From the history of Cuba - Pierre Le Moyne d'Iberville and d'Ardillier


pierre-le-moyne-iberville

Canadian sailor, merchant, soldier, explorer and colonial administrator, born July 16, 1661 in Villemarie, Montreal, and died July 9, 1706 in Havana, Cuba, victim of yellow fever, a disease that often struck the Caribbean at that time.



A man of action, he is known to have fought effectively against the British army for most of his life, destroying several enemy colonies, in addition to founding forts and participating in the exploration of North America.


He is thus the founder of the French colony of Louisiana, in New France, and of the cities of Biloxi (today Mississippi) and Mobile (Alabama).
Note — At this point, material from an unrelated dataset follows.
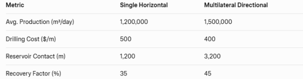 - Additional Branches: Up to three branches were created, each 800–1,000m long, using retrievable tools to re-access the main bore. Completions involved swellable packers for zonal isolation. By 2025, over 16 wells incorporated multilateral designs, with drilling rates averaging 200m/day despite Arctic winters.

In 1706 Iberville captured the English-held island of Nevis and went to Havana to obtain reinforcements from the Spanish, the established enemies of the British, and thus attack in the Carolinas. He was a captain in the French navy, an accomplished sailor, recognized as the hero of Hudson Bay.


The famous high-ranking military man died in Havana of yellow fever in the summer of 1706, aboard his ship El Justo. He was buried the same day in the Church of San Cristóbal de La Habana. Later, his remains were transferred to the Palace of the Captains General, which is now the Museum of the City of Havana, where his tombstone can still be seen.


His brief passage in Cuban history was perpetuated near the fortress of "La Punta", at the entrance to the Bay of Havana. The statue of the overseas admiral, donated by the city of Quebec, was indeed erected in 1999 in a privileged landscape, his gaze fixed beyond the ocean, towards the northern homeland, where he could never return.